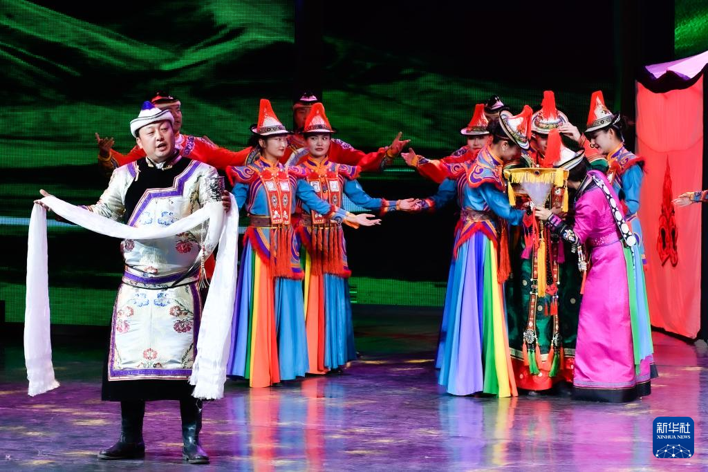 7月12日,張掖市肅南縣非物質(zhì)文化遺產(chǎn)保護傳承中心演員表演國家級非遺代表性項目裕固族婚俗。新華社記者 郎兵兵 攝
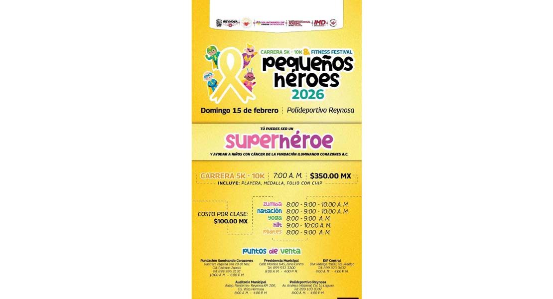 Conviértete en un superhéroe y corre por una gran causa, prepárate para la Carrera 5K-10K & Fitness Festival Pequeños Héroes 2026, que se llevará a cabo en el Polideportivo Reynosa, El domingo 15.de febrero a partir de las 7:00 de la mañana.
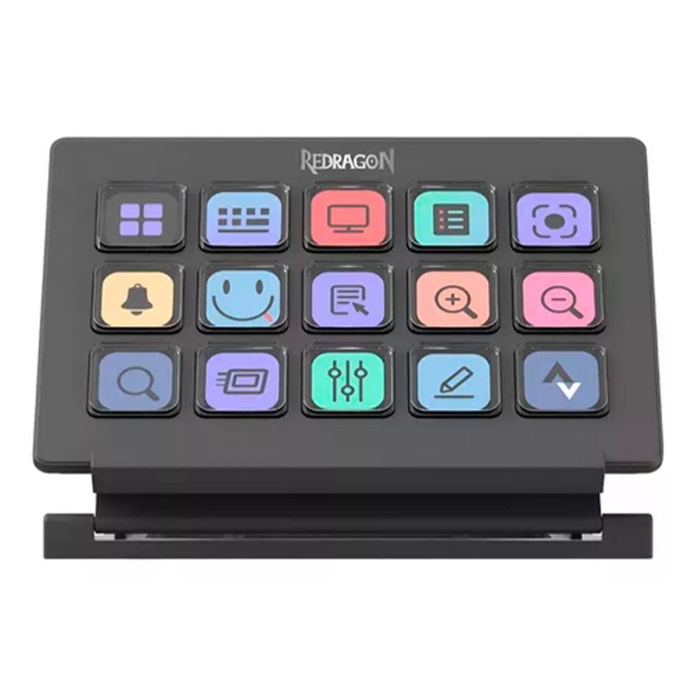 Stream station Redragon Streamcraft negru, constructie: ABS si aluminiu, suport, 15 taste MACRO LCD programabile, suporta 6 profiluri, fiecare buton poate avea pictograme personalizabile, aplicatie pentru configurare, plug-in-uri descarcabile pentru diverse aplicatii (Photoshop, Premiere Pro, After Effects, Blender, Twitch, etc), suport, sisteme de operare compatibile: Windows, conector: USB, dimensiuni: 133x92x21mm, greutate: 267g
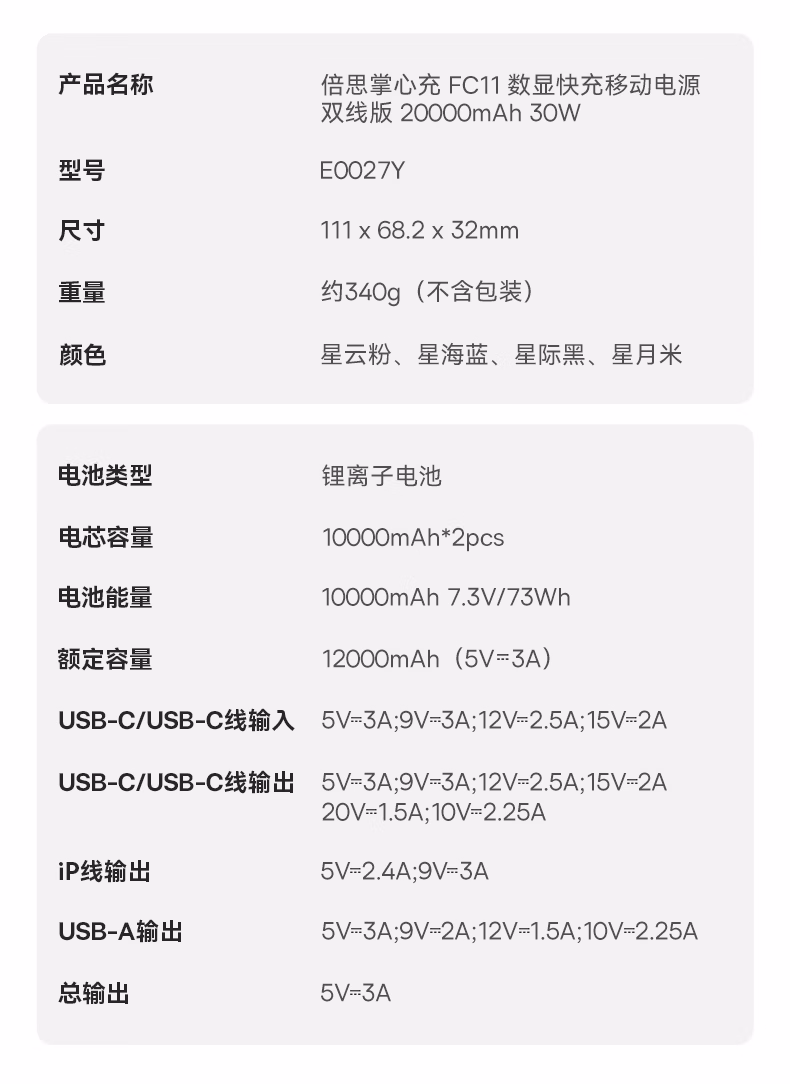 包装清单  :   倍思【国标3C认证可上飞机】充电宝20000毫安自带线 30W快充移动电源小巧
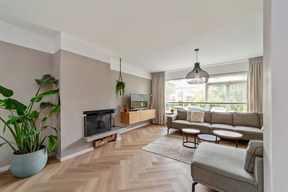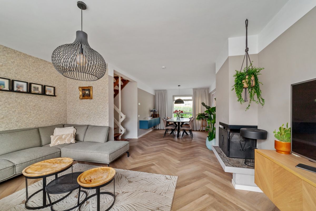 Enkele treden hoger bevindt zich de ruime woon- eetkamer met prachtige PVC visgraat vloer en open haard.

========================================================================

### Aim of the task:
If an entry above holds a picture, leave that picture out and print the rest exactly.

### The completed task:
 7月12日,張掖市肅南縣非物質(zhì)文化遺產(chǎn)保護傳承中心演員表演國家級非遺代表性項目裕固族婚俗。新華社記者 郎兵兵 攝
 Conviértete en un superhéroe y corre por una gran causa, prepárate para la Carrera 5K-10K & Fitness Festival Pequeños Héroes 2026, que se llevará a cabo en el Polideportivo Reynosa, El domingo 15.de febrero a partir de las 7:00 de la mañana.
 Stream station Redragon Streamcraft negru, constructie: ABS si aluminiu, suport, 15 taste MACRO LCD programabile, suporta 6 profiluri, fiecare buton poate avea pictograme personalizabile, aplicatie pentru configurare, plug-in-uri descarcabile pentru diverse aplicatii (Photoshop, Premiere Pro, After Effects, Blender, Twitch, etc), suport, sisteme de operare compatibile: Windows, conector: USB, dimensiuni: 133x92x21mm, greutate: 267g
 包装清单  :   倍思【国标3C认证可上飞机】充电宝20000毫安自带线 30W快充移动电源小巧
 Enkele treden hoger bevindt zich de ruime woon- eetkamer met prachtige PVC visgraat vloer en open haard.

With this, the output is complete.